Герой не получает от друзей благодарности, и возврата этих денег ему также уже не приходится ожидать. Здесь, с одной стороны, можно говорить о даре в понимании Жака Деррида. Согласно его теории, истинный дар имеет место только в том случае, если ни даритель, ни получатель дара его таковым не воспринимают и если за ним не следует ответного дара[47]. С другой стороны, эту сцену можно также прочитать в ином ключе – как сведенный на банальный уровень вариант хищения: у героя забирают что-то, что он больше не получит обратно, но при этом «хищение» не выполняет культурообразующей функции и носит, скорее, повседневный характер. В этой сцене становится очевидно, насколько тонка грань между дарением и кражей: рассказчик сам отдает (дарит) деньги своим друзьям – так же как он отдаст им и свою жизнь; а они в свою очередь принимают его деньги точно так же, как примут и его самопожертвование, его самосожжение, его жизнь – «не в долг и не предполагая обратного дара»[48]. При этом необходимо учитывать, что экономические процессы и кругооборот капитала в Польской Народной Республике, в основе которых лежали не экономические, а в первую очередь идеологические принципы, и без того уже были нарушены. Если в 1950-х человек как работающая и производящая сила, ставший в этой роли частью культурного европейского дискурса в конце XVIII века, имел в Польше еще существенное значение как символ строящегося социализма, то к 1970-м на смену образу работника-стахановца пришли инертность, апатия, безмолвие и устрашающая пустота. В такой ситуации сомнительной становится сама идея дара: если экономического взаимообмена как такового практически не существует, если кража оказывается частью повседневной жизни, а не чем-то предосудительным с точки зрения морали, кто и кому тогда сможет принести дар?

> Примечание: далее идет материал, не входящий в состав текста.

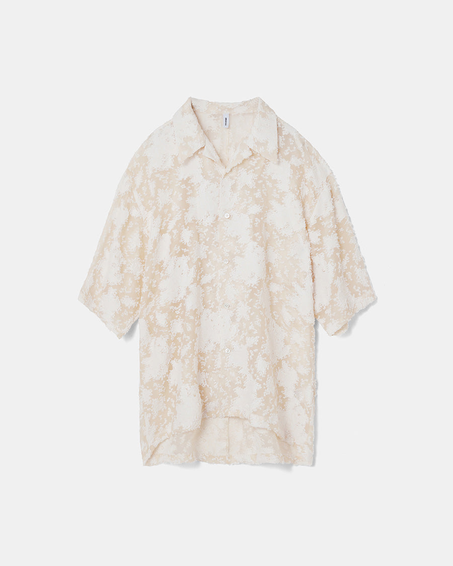 透け感と繊細な花柄が特徴的なオープンカラーシャツ。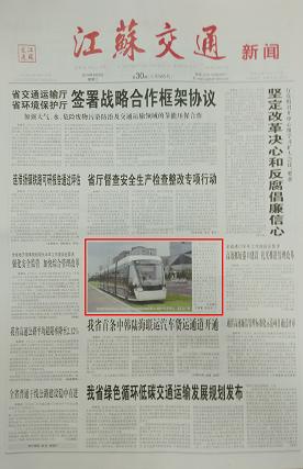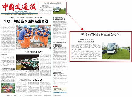 无接触网有轨电车南京起跑—《中国交通报》于2014年8月6日刊出

Акт дарения (и/или кражи) становится в романе инициирующим импульсом, который, по сути, приводит в движение все повествование. Рассказчик, получив задание, покидает свою квартиру, совершая, таким образом, акт пересечения границ (между домом и внешним миром), и отправляется в город. Задание получено, его целью является дар, и герой получает возможность и повод, с одной стороны, к действию, с другой – к повествованию в качестве рассказчика собственной истории.
3. Теории дара: от Зиммеля до БатаяОдин из центральных вопросов в связи с романом «Малый апокалипсис» заключается также в том, как именно устроены те механизмы, которые лежат в основе дара/обмена дарами и жертвы/жертвоприношения и определяют логику всего повествования?

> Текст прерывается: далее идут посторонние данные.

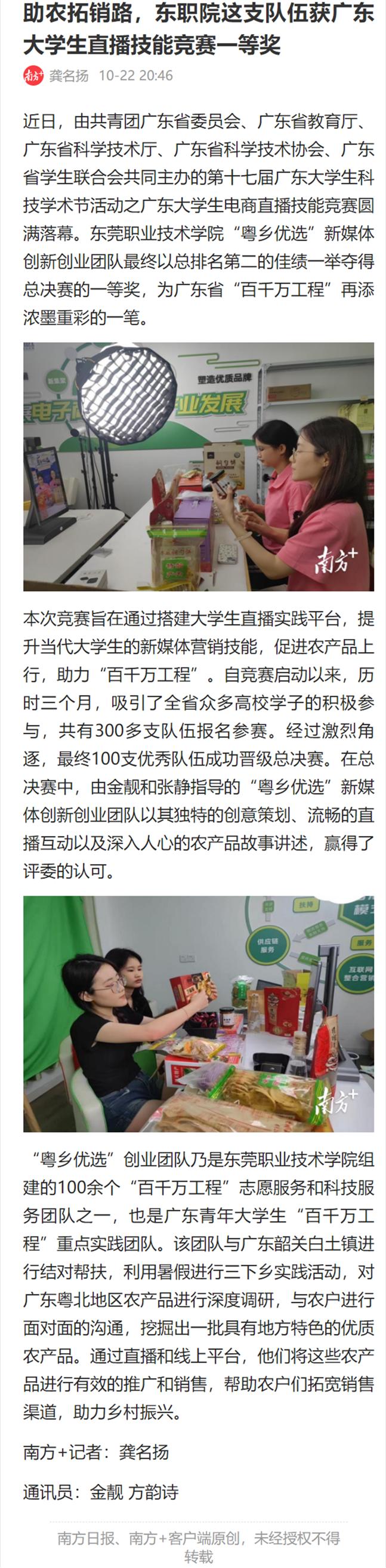【南方+】助农拓销路,东职院这支队伍获广东大学生直播技能竞赛一等奖

В XX веке теория дара разрабатывалась в двух принципиально разных направлениях[49]: в одном случае отправной точкой служит экономическая концепция дара, основанная на принципе взаимности, в другом – представления, выходящие за рамки чисто экономических понятий и интерпретирующие дар как форму нерациональной, не направленной на получение взаимной выгоды траты (Батай) либо исходящие из принципиальной невозможности дара как такового (Деррида).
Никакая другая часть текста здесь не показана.